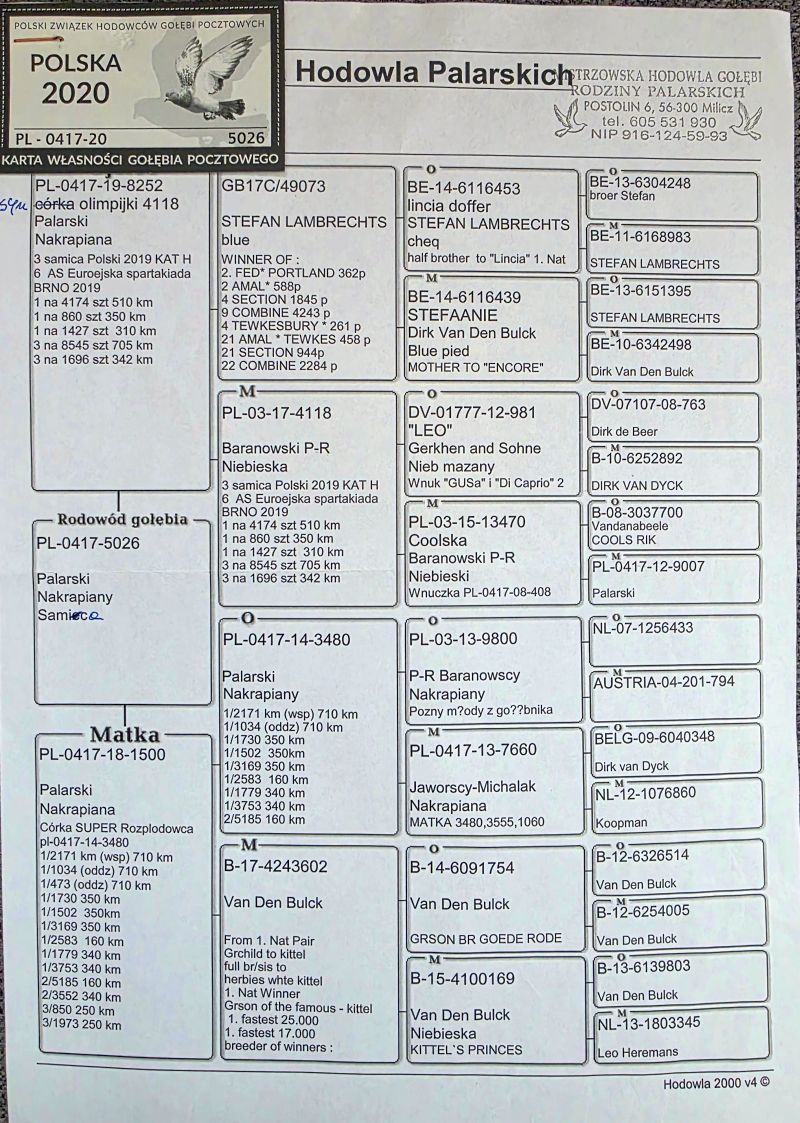 | Lot | Data | Dystans[km] | Ilośćgołębi | Pozycja(gołębnik) | Pozycja(oddział) | Prędkość[m/min] | Coeff. |
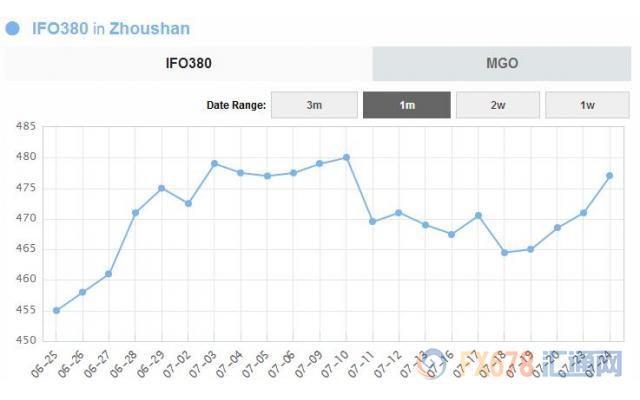 1.舟山保税燃油市场:7月24日舟山IFO 380cst参考价格为477 美元/吨,较前日上涨6美元/吨;MGO 参考价格为787美元/吨,较前日上涨1.5美元/吨。
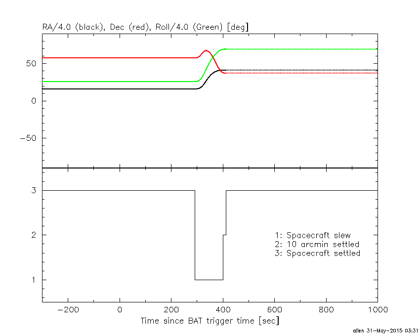 - 4) The verticle lines correspond to following: green dotted lines are T50 interval, black dotted lines are T90 interval, blue solid line(s) is a spacecraft slew start time, and orange solid line(s) is a spacecraft slew end time.
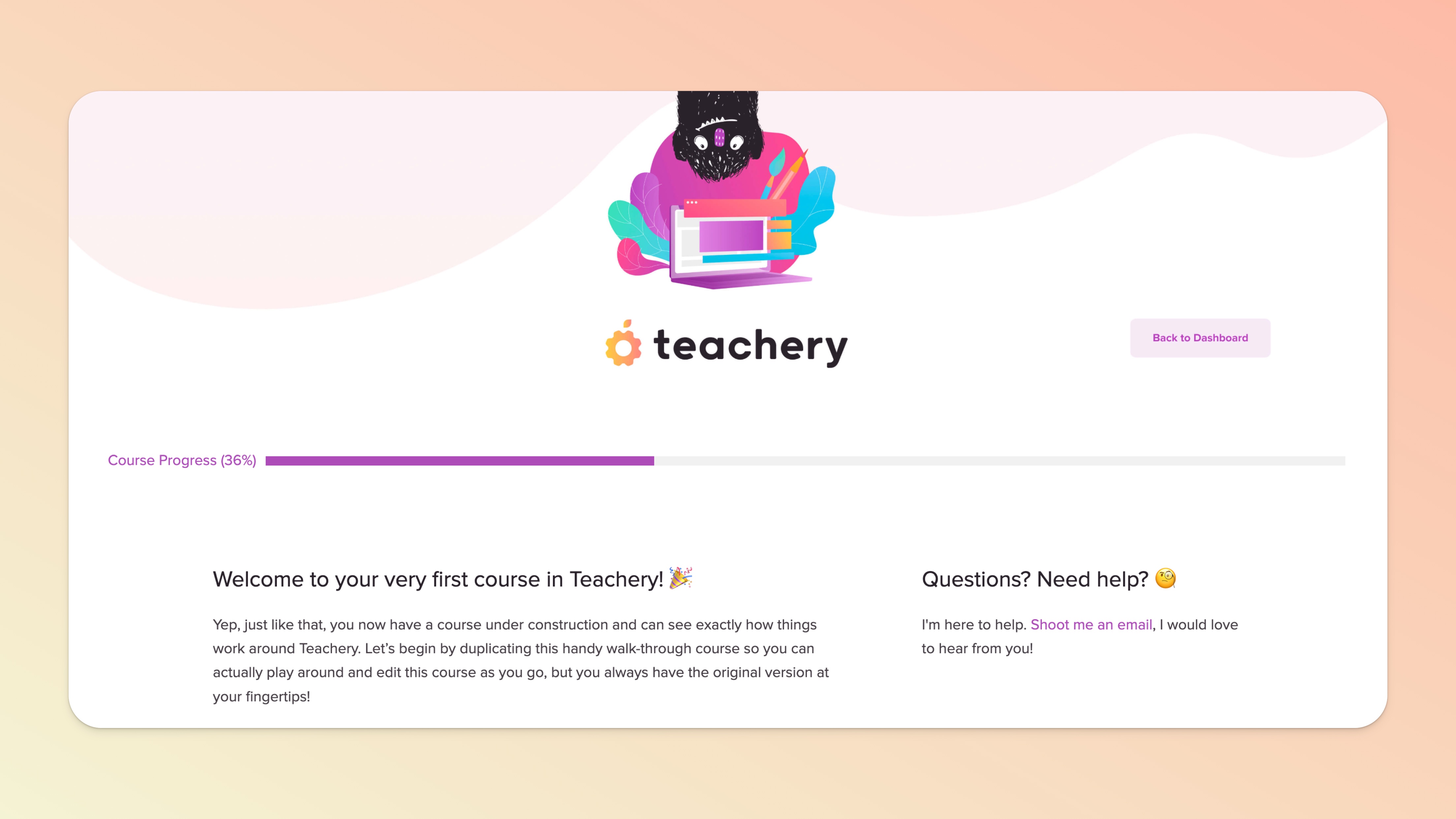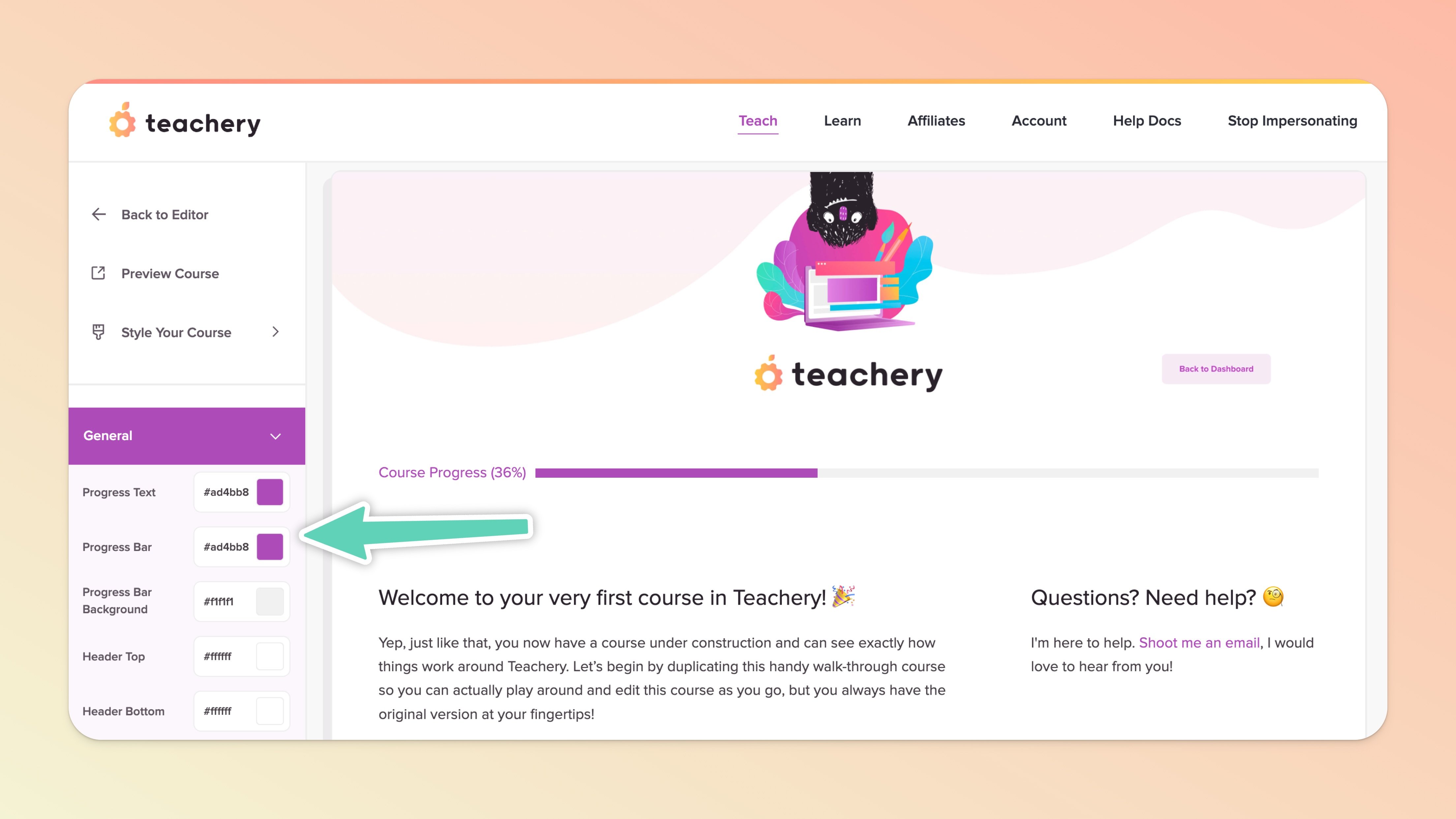 That being said... If you want to see the progress bar change, you'll want to add yourself as a customer of your course (reminder: use an email address that is NOT your Teachery account email address).
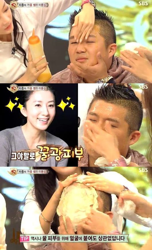 이날 방송에서 조세호는 카라 구하라의 손길로 머리에 꿀과 달걀로 만든 팩을 하기로 했다. 그러나 서툰 솜씨의 구하라는 조세호의 얼굴까지 팩이 흐르도록 한 것. 그러자 출연진은 "팩을 얼굴에 발라도 된다"면서 그의 얼굴에 팩을 펴 발랐다.
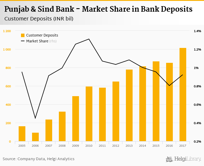 Punjab & Sind Bank accounted for 0.922% of all customer deposits taken by banks in India at the end of 2017. Historically, the bank’s market share in customer deposits reached an all time high of 1.31% in 2010 and an all time low of 0.450% in 2006.
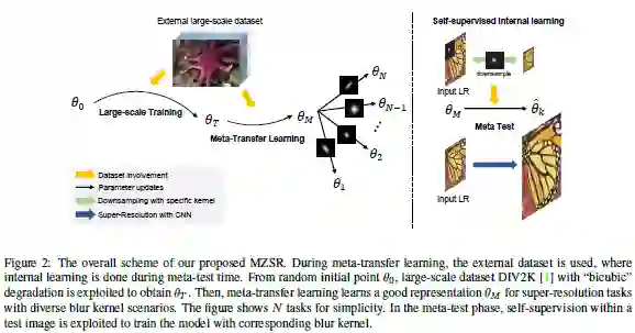 以往的零样本超分辨率方法需要数千次梯度更新,推理时间长。这篇论文提出用于零样本超分辨率的元转移学习。基于找到适合内部学习的通用初始参数,所提方法可以利用外部和内部信息,一次梯度更新就可以产生相当可观的结果,因此能快速适应给定的图像条件,并且应用于大范围图像。
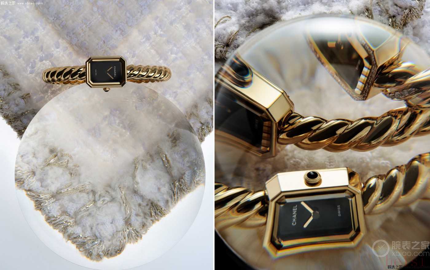 可以说,Première腕表改变了女性佩戴时间的方式,近40年后,Première Galon腕表以全新的现代风格传承了这一精神。其表镯呈现编结造型——Le Galon(法语意为“编织”),这是嘉柏丽尔·香奈儿(Gabrielle CHANEL)最具辨识度的高级定制标志之一。在她设计的套装中,编结滚边勾勒着服装的边缘,装饰着口袋与袖口,使廓形更具结构感。打造编结元素的材料与工艺丰富多变(针织、编织、扭绞),可与套装颜色相同,也可与之形成对比,营造极具视觉感的效果。可以说,编结滚边不仅是装饰,更是品牌工艺精神的缩影。
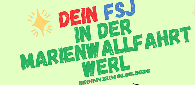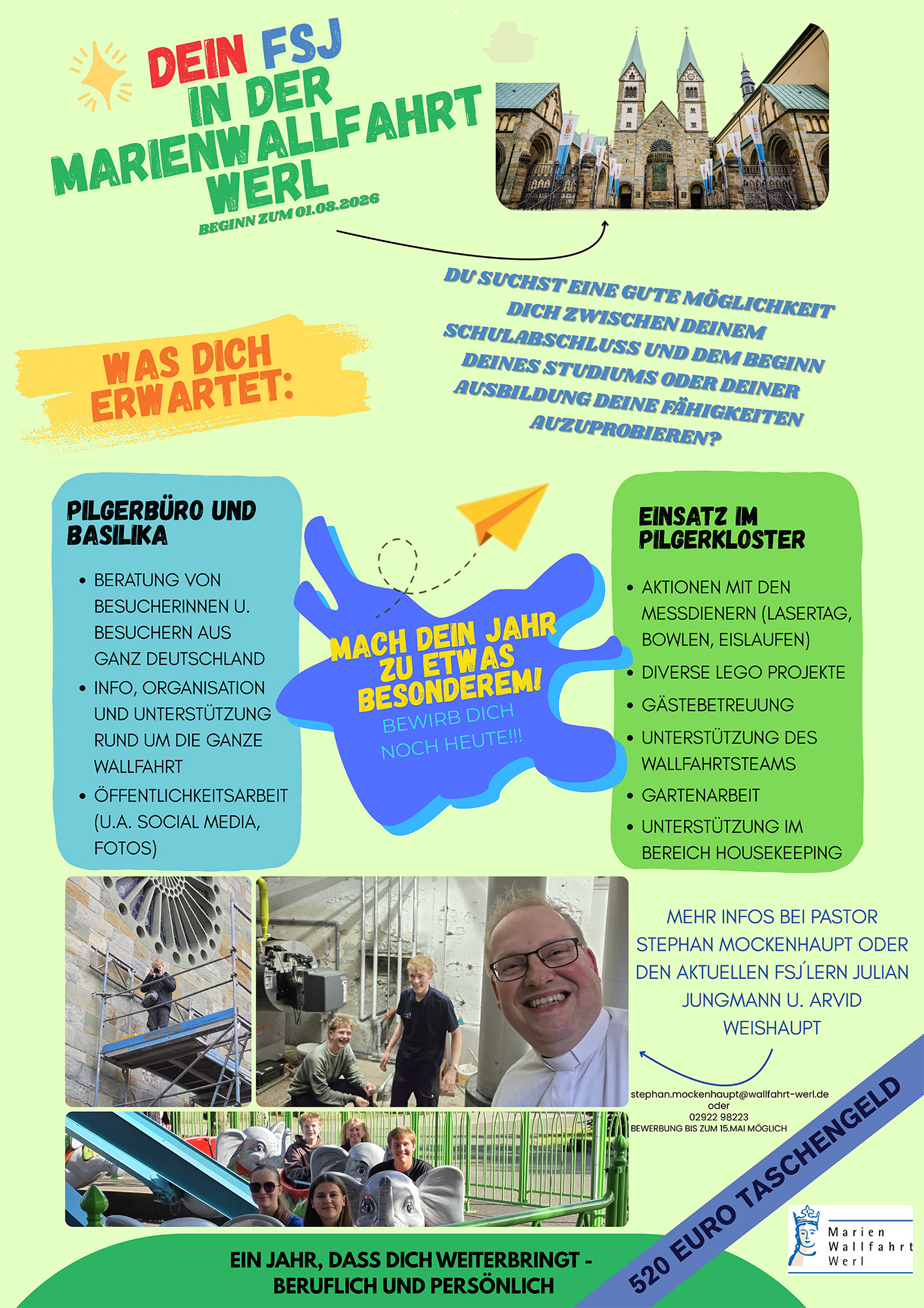 Für nähere Informationen stehen Pastor Stephan Mockenhaupt oder unsere aktuellen FSJ’ler, Julian Jungmann und Arvid Weishaupt, zur Verfügung. Bewerbungen werden erbeten bis zum 15. Mai 2026 an Marienwallfahrt Werl, Pastor Stephan Mockenhaupt, Steinergraben 53, 59457 Werl.
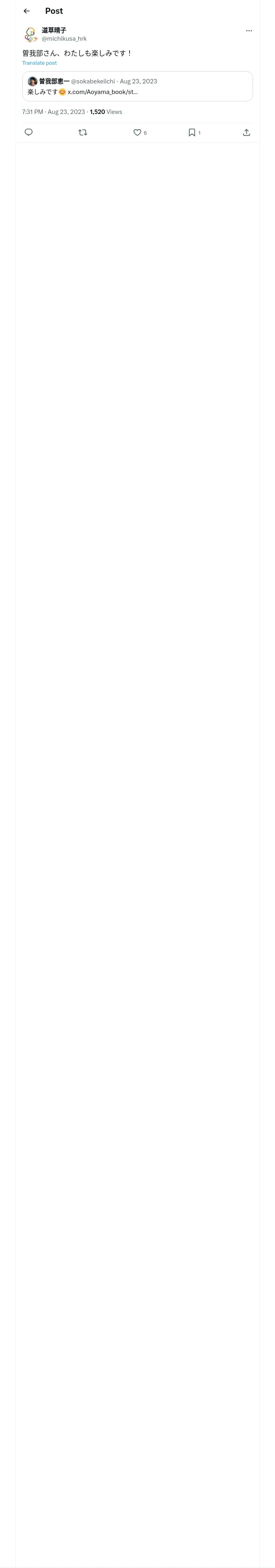 取得元URL: https://x.com:443/michikusa_hrk/status/1694296264584884511

------------

ABOUT THIS TASK. From the data above, write out everything exactly except the pictures.

SOLUTION TO THE EXERCISE.
 | Lot | Data | Dystans[km] | Ilośćgołębi | Pozycja(gołębnik) | Pozycja(oddział) | Prędkość[m/min] | Coeff. |
 1.舟山保税燃油市场:7月24日舟山IFO 380cst参考价格为477 美元/吨,较前日上涨6美元/吨;MGO 参考价格为787美元/吨,较前日上涨1.5美元/吨。
 - 4) The verticle lines correspond to following: green dotted lines are T50 interval, black dotted lines are T90 interval, blue solid line(s) is a spacecraft slew start time, and orange solid line(s) is a spacecraft slew end time.
 That being said... If you want to see the progress bar change, you'll want to add yourself as a customer of your course (reminder: use an email address that is NOT your Teachery account email address).
 이날 방송에서 조세호는 카라 구하라의 손길로 머리에 꿀과 달걀로 만든 팩을 하기로 했다. 그러나 서툰 솜씨의 구하라는 조세호의 얼굴까지 팩이 흐르도록 한 것. 그러자 출연진은 "팩을 얼굴에 발라도 된다"면서 그의 얼굴에 팩을 펴 발랐다.
 Punjab & Sind Bank accounted for 0.922% of all customer deposits taken by banks in India at the end of 2017. Historically, the bank’s market share in customer deposits reached an all time high of 1.31% in 2010 and an all time low of 0.450% in 2006.
 以往的零样本超分辨率方法需要数千次梯度更新,推理时间长。这篇论文提出用于零样本超分辨率的元转移学习。基于找到适合内部学习的通用初始参数,所提方法可以利用外部和内部信息,一次梯度更新就可以产生相当可观的结果,因此能快速适应给定的图像条件,并且应用于大范围图像。
 可以说,Première腕表改变了女性佩戴时间的方式,近40年后,Première Galon腕表以全新的现代风格传承了这一精神。其表镯呈现编结造型——Le Galon(法语意为“编织”),这是嘉柏丽尔·香奈儿(Gabrielle CHANEL)最具辨识度的高级定制标志之一。在她设计的套装中,编结滚边勾勒着服装的边缘,装饰着口袋与袖口,使廓形更具结构感。打造编结元素的材料与工艺丰富多变(针织、编织、扭绞),可与套装颜色相同,也可与之形成对比,营造极具视觉感的效果。可以说,编结滚边不仅是装饰,更是品牌工艺精神的缩影。
 Für nähere Informationen stehen Pastor Stephan Mockenhaupt oder unsere aktuellen FSJ’ler, Julian Jungmann und Arvid Weishaupt, zur Verfügung. Bewerbungen werden erbeten bis zum 15. Mai 2026 an Marienwallfahrt Werl, Pastor Stephan Mockenhaupt, Steinergraben 53, 59457 Werl.
 取得元URL: https://x.com:443/michikusa_hrk/status/1694296264584884511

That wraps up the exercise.